The weights are the embeddings themselves. The word embedding matrix is actually a weight matrix that will be learned during training.
There is no actual function per se. As we defined above, the sentence is already tokenized (each word is represented with a unique integer), and we can just obtain the embeddings for each of the tokens in the sentence.
Finally, as I mentioned the example with the indexing many times, let us try it out.
# Let us assume that we have a pre-trained embedding matrix
pretrained_embeddings = torch.rand(10, 50)
# We can initialize our embedding module from the embedding matrix
embedding = torch.nn.Embedding.from_pretrained(pretrained_embeddings)
# Some tokens
tokens = torch.tensor([1,5,9], dtype=torch.long)
# Token embeddings from the lookup table
lookup_embeddings = embedding(tokens)
# Token embeddings obtained with indexing
indexing_embeddings = pretrained_embeddings[tokens]
# Voila! They are the same
np.testing.assert_array_equal(lookup_embeddings.numpy(), indexing_embeddings.numpy())
nn.Embedding
layer can serve as a lookup table. This means if you have a dictionary of n
elements you can call each element by id if you create the embedding.
In this case the size of the dictionary would be num_embeddings
and the embedding_dim
would be 1.
You don't have anything to learn in this scenario. You just indexed elements of a dict, or you encoded them, you may say.
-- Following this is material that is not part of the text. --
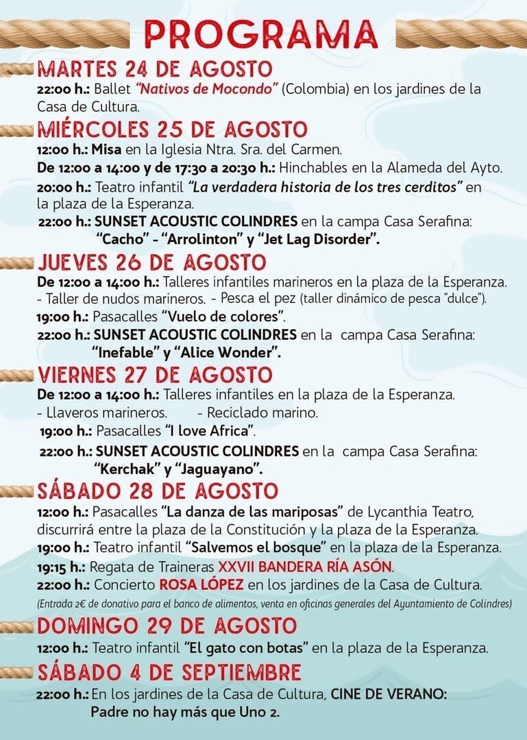 El sábado 28, además del concierto de Rosa López, que servirá para cerrar la jornada, está prevista la celebración de un nuevo pasacalles que, en este caso, discurrirá entre la plaza de La Constitución y la plaza de la Esperanza y que arrancará a medido día. Por la tarde tendrá lugar una nueva sesión de teatro infantil, seguida de la XXVII edición de la Regata de Traineras Bandera Ría Asón.

So forward pass analysis in this case is not needed.
You may have used this if you used word embeddings like Word2vec.
On the other side you may use embedding layers for categorical variables (features in general case). In there you will set the embedding dimension embedding_dim
to the number of categories you may have.
In that case you start with randomly initialized embedding layer and you learn the categories (features) in forward.